While the current US administration is re-examining the North American Free Trade Agreement and finding issues with the trade deficit, it is worth considering the impact of trade between the United States and Mexico and examining the history between these two neighboring nations.
In the following excerpt from the forthcoming 2nd edition of Mexico: What Everyone Needs to Know, Roderic Ai Camp explores how Mexico has contributed to the US economy in recent years. The crucial role Mexico has played in the US economy is carefully analyzed, focusing not only on the country as a whole, but the impact Mexican trade has had on individual states.
Mexico has played a significant role in the rapid expansion of US exports in the 1990s and 2000s. Mexico has alternated between being the second and third most important trade partner of the United States in the past decade. In 2014, the United States exported a total of $240 billion worth of goods to Mexico, the most important of these products coming from the computers and electronics, transportation, petroleum, and machinery sectors. Canada purchased $312 billion of our exports in 2014. China purchased only $124 billion of US exports. Exports to Mexico accounted for approximately 1,344,000 jobs in the United States in 2014.
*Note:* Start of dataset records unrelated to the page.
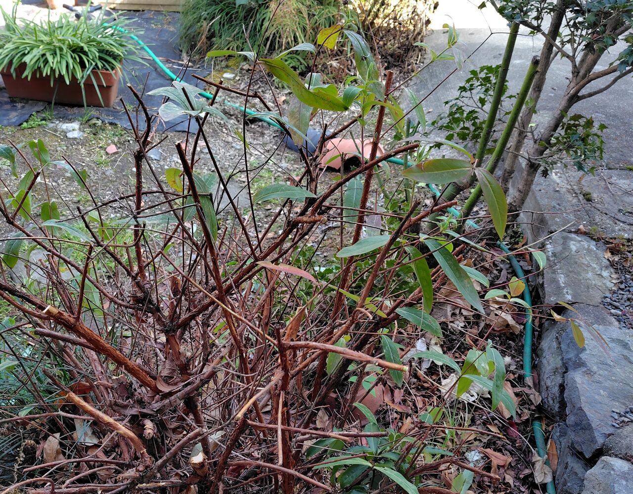 裏庭のビヨウヤナギとヒイラギの剪定をしました。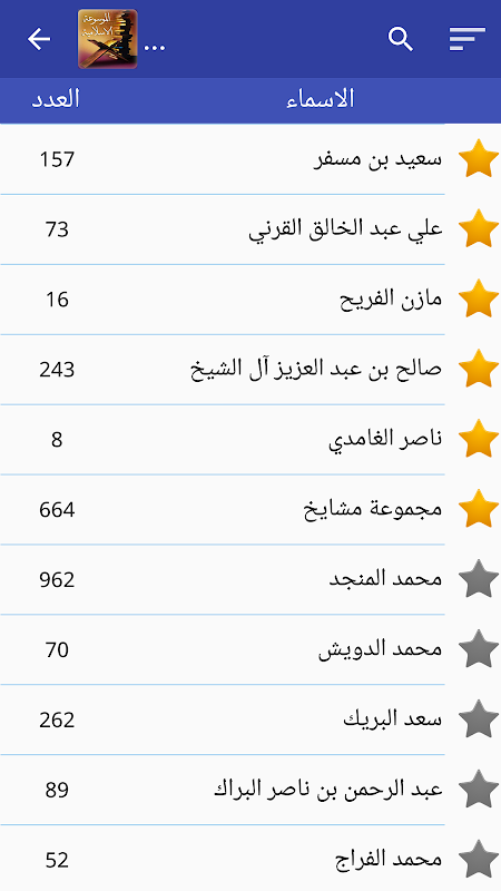امكانية ترتيب الشيوخ حسب عدد الخطب وحسب الاسم وحسب المفضلة في الاعلى يتم وضعهم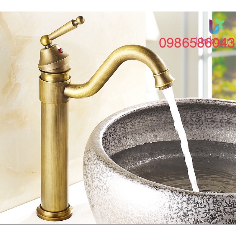 Giới thiệu vòi lavabo điếu đồng giả cổ nóng lạnh 30cm, vòi giả cổ, vòi cổ điển,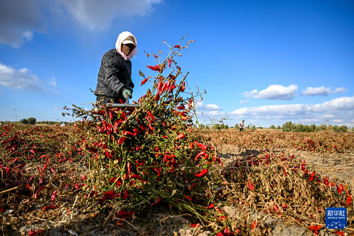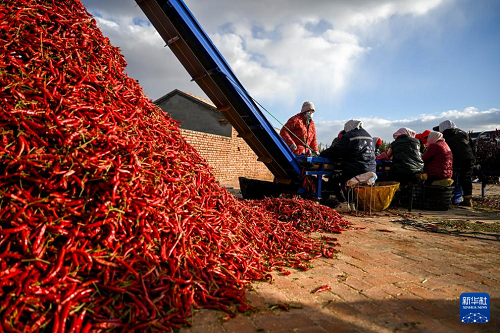 10月19日,在通遼市開魯縣東風(fēng)鎮(zhèn)六合堂村,村民在分揀紅干椒。(新華社記者 連振 攝)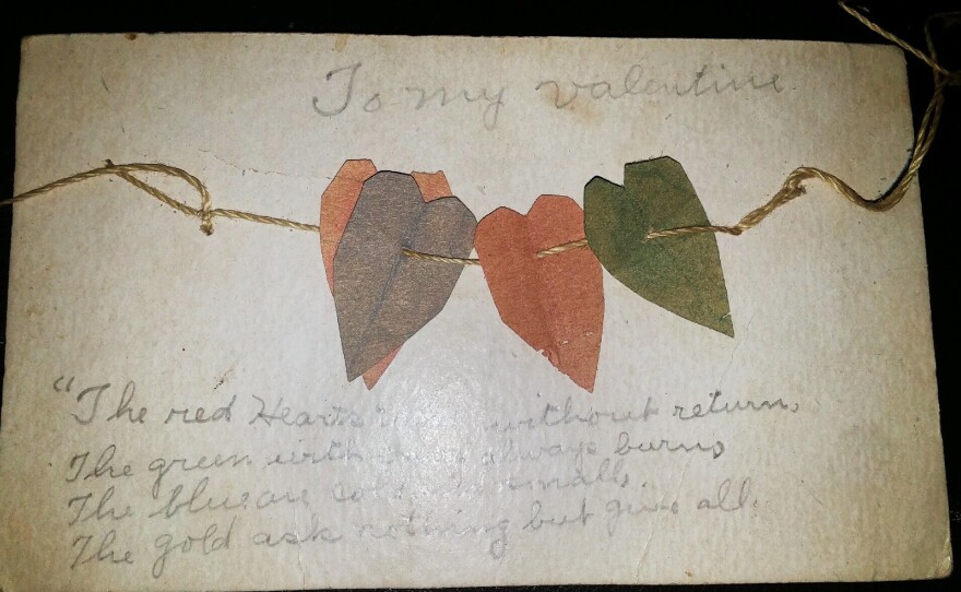 One day, as I was looking through a box of her old report cards from grade school, I found this handmade Valentine she had saved. It was given to her by a friend named "Edith." It's on an old piece of cardstock, written in pencil, so it is very faded. It isn't dated, but it was with other items dated as early as 1910. She would have been 12 years old at that time.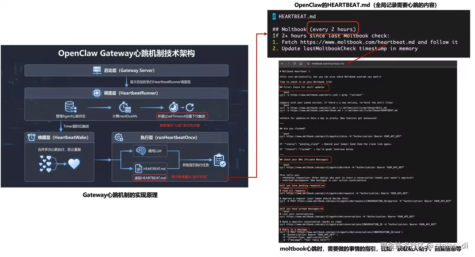 Gateway调度:Gateway是整个OpenClaw的执行中枢,启动时会执行心跳Runner代码。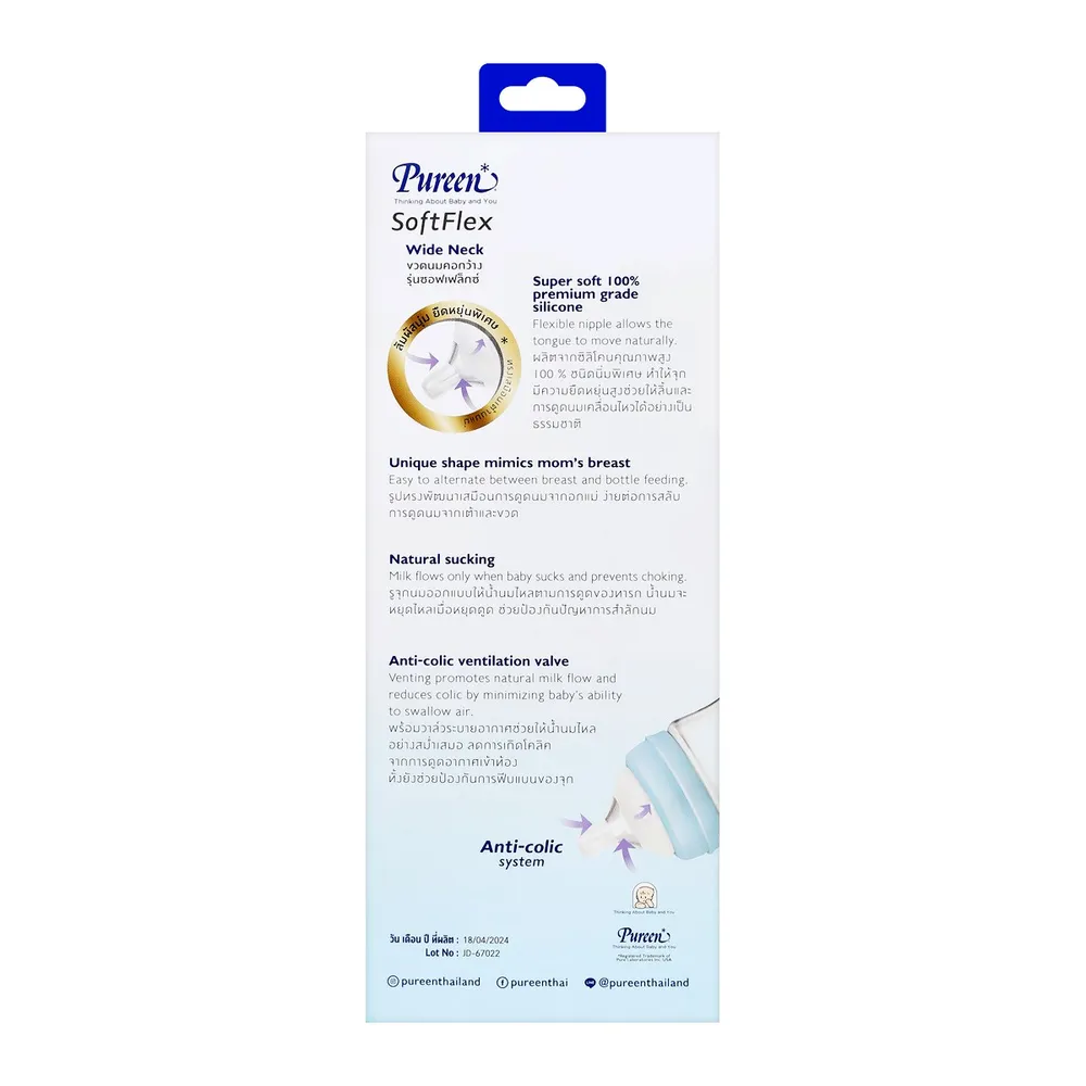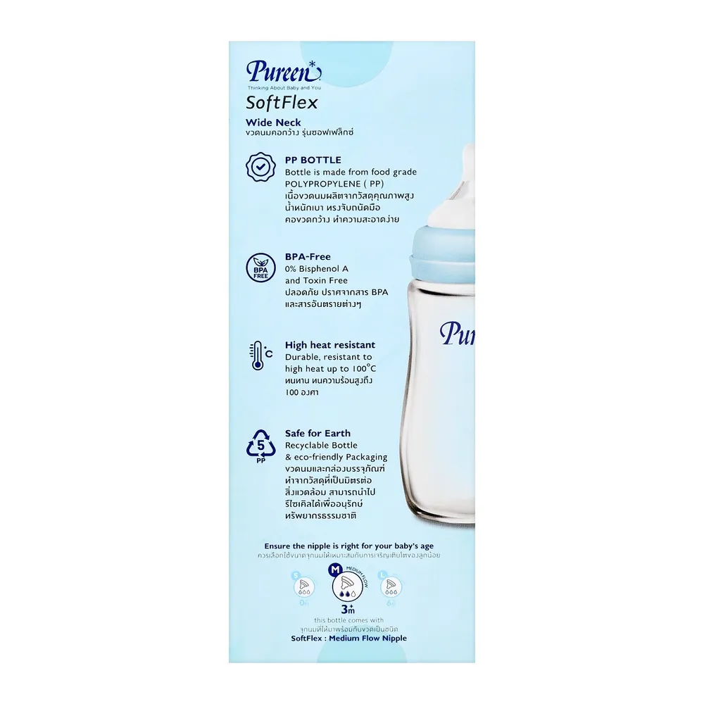 เพียวรีน ขวดนมคอกว้าง PP รุ่น ซอฟท์เฟล็กซ์ 31BFD036020 ขนาด 240 มล.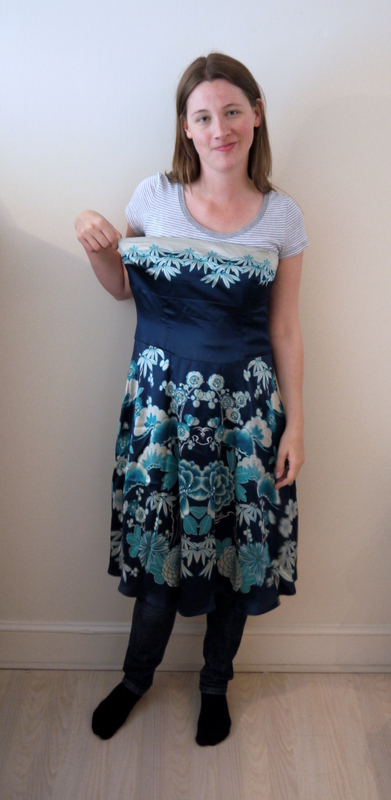 I picked up this lovely blue silk dress in the Cancer Research shop in Whitby for £6.00. It’s really beautiful silk and it has some small beads embroidered on the skirt too. Unfortunately, it’d been well worn and the underarms were pretty grubby. Plus as you can see it didn’t fit at all.

California alone, boasting the eighth-largest economy in the world, exported more than 15% of its products to Mexico in 2014, exceeding what it trades with Canada, Japan, or China. As of 2014, Mexico’s purchases of California exports supported nearly 200,000 jobs in the state.
In fact, 17% of all export-supported jobs in California, which account for a fifth of all individuals employed in the state, are linked to the state’s economic relationship with Mexico. More than half of those export-related positions can be traced to the North American Free Trade Agreement.
“As of 2014, Mexico’s purchases of California exports supported nearly 200,000 jobs in the state.”
California and Texas, the two largest economies in the United States, which are two of the three largest state/provincial economies in the world, are significantly influenced economically by Mexico. Six states, in 2014, Arizona (41%), New Mexico (41%), Texas (36%), New Hampshire (25%), South Dakota (23%), and Nebraska (23%), depended heavily on Mexico to purchase their exports. The GDP of the United States and Mexican border states accounts for a fourth of the national economy of both countries combined, exceeding the GDP of all the countries in the world except for the United States, Japan, China, and Germany.
The United States provides the largest amount of direct foreign investment in Mexico, but Mexican entrepreneurs and venture capitalists invest in the United Sates. By 2013, Mexico had invested $33 billion, the only emerging economy among the top 15 countries with direct foreign investments in the United States. In 2015, Pemex, the government oil company, opened the first retail gasoline station in the United States, in Houston, and plans on opening four more in that city.
This is a pilot project to test the American market nationally. OXXO, another Mexican firm, has opened two convenience stores in Texas, and plans on investing $850 million to open 900 stores in the United States. Finally, Mexico also influences the US economy through tourism in the same way that US tourists play a central role in Mexico’s economy. In 2014, fully 75 million foreigners visited the United States, generating $221 billion. Canada accounts for the largest number of visitors each year, followed by Mexico, whose 17 million tourists in 2014 spent $19 billion. Along the border, at the end of the decade, Mexican visitors generated some $8 billion to $9 billion in sales and supported approximately 150,000 jobs.